Appellee, in his petition for injunction, says that he delivered the sequestered automobile to the sheriff of Nacogdoches county within the time required by law, hence his release from further liability. Article 6853, R. S. 1925, provides that such delivery shall be made within ten days after the rendition of the judgment. Appellee includes in his petition for injunction a receipt from the! sheriff of Nacogdoches county showing delivery of the automobile by appellee on December 18, 1931. The judgment was rendered December 3, 1931. It is obvious that the delivery was not in compliance with the statute. It is not shown that the delivery was made with the knowledge and consent of the plaintiff in the suit, Duke H. Herbert, appellant here. If he knew of the delivery of the car and agreed for it to be returned at the date it was, then it will have the effect of a legal return, otherwise not so.'

Again, it appears that appellee, one of the sureties on the replevy bond, made the return of the car, and not the defendant in the suit. As no appeal from the judgment was taken by either the defendant or his sureties on his replevy bond, the judgment requiring delivery within ten days from the rendition of the judgment became final as to all of them, and fixed the time for delivery of the car. General Motors Acceptance Corp. v. United States Fidelity & Guaranty Co. (Tex. Civ. App.) 48 S.W.(2d) 1029, 1031. Moreover, “the statute gives a defendant the right to return property replevied, but it does not, in terms, confer on sureties the right to have it returned, and, in the absence of a law thus providing, or of some contract between principal and surety securing such a right, it is not seen on what ground the latter can claim it.” Krall v. Campbell Printing-Press & Mfg.
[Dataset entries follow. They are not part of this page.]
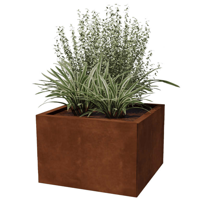 Panourile jardinierei noastre modulare sunt fabricate din tablă de oțel de înaltă calitate Corten-A. Acest tip de metal are ca proprietate unică formarea unei pieli de oxid foarte dense (strat de rugină) care face imposibilă rugina. Datorită pielii dense de oxid, materialul din interior este protejat de oxigen, astfel oxidarea este încetinită semnificativ, în timp ce coroziunea continuă. Jardinierele din oțel corten sunt livrate neoxidate, în culoarea metalică gri. Procesul de ruginire începe după câteva săptămâni până la 2 luni, fără a necesita un tratament special. În timpul procesului de ruginire, jardinierele pot lăsa urme. Oțelul corten este o aliaj metalic care conține fier, la care s-au adăugat cupru, fosfor, siliciu, nichel și crom.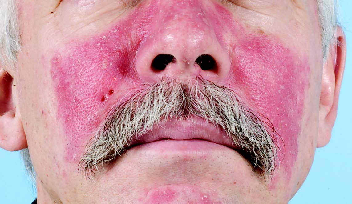 Rosacea on the mid-face with periorbital sparing.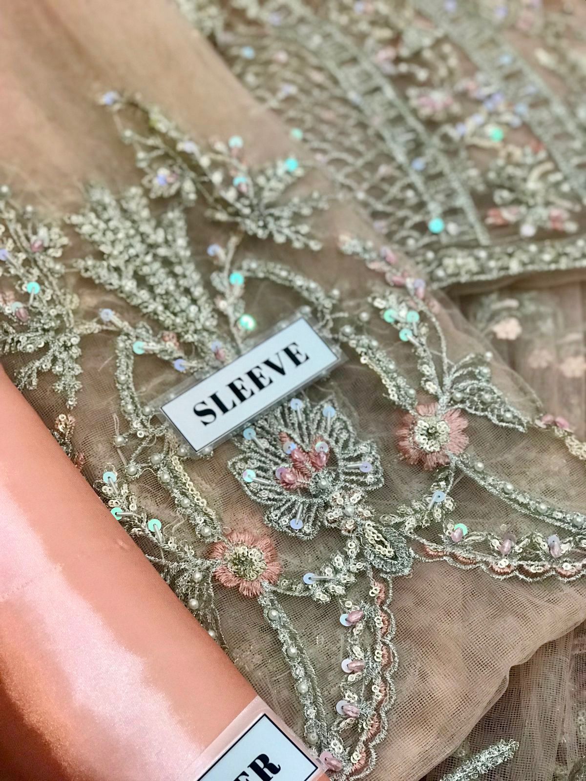 Front: Fully embroidered with detailed sequin work, accented with hand-stitched pearls, following the original premium pattern.

Co., 79 Tex. 556, 564, 15 S. W. 565. So, it not appearing that there was any contract between appellee and his principal, Leonard Brown, that appellee was to have the right to return the car, in case judgment went against Brown, it does not appear that the ear was legally returned, and, as we have above said, unless appellant Herbert agreed to the delivery of the car at the time it was returned, then there was no legal return of the ear which would in any degree relieve the liability of the sureties on the replevy bond.

Reversed and remanded, with instructions.